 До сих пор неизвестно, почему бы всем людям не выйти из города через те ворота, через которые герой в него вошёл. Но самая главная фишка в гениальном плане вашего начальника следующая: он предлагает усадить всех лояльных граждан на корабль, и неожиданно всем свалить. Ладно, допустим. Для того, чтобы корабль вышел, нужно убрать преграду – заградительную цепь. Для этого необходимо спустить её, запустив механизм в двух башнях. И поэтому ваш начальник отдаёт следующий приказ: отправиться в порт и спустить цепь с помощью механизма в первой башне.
* * *
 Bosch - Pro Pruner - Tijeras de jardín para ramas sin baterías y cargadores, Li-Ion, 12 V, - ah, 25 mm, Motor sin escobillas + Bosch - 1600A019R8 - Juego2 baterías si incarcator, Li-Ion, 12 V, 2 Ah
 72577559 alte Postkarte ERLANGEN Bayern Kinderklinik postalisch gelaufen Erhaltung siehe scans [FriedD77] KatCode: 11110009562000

* [Aim of the task]: Take exactly the lines from the one containing "Bosch - Pro" through the one containing "72577559 alte Postkarte" in the data above, and output them with nothing added.

* [Answer to this problem]:
 Bosch - Pro Pruner - Tijeras de jardín para ramas sin baterías y cargadores, Li-Ion, 12 V, - ah, 25 mm, Motor sin escobillas + Bosch - 1600A019R8 - Juego2 baterías si incarcator, Li-Ion, 12 V, 2 Ah
 72577559 alte Postkarte ERLANGEN Bayern Kinderklinik postalisch gelaufen Erhaltung siehe scans [FriedD77] KatCode: 11110009562000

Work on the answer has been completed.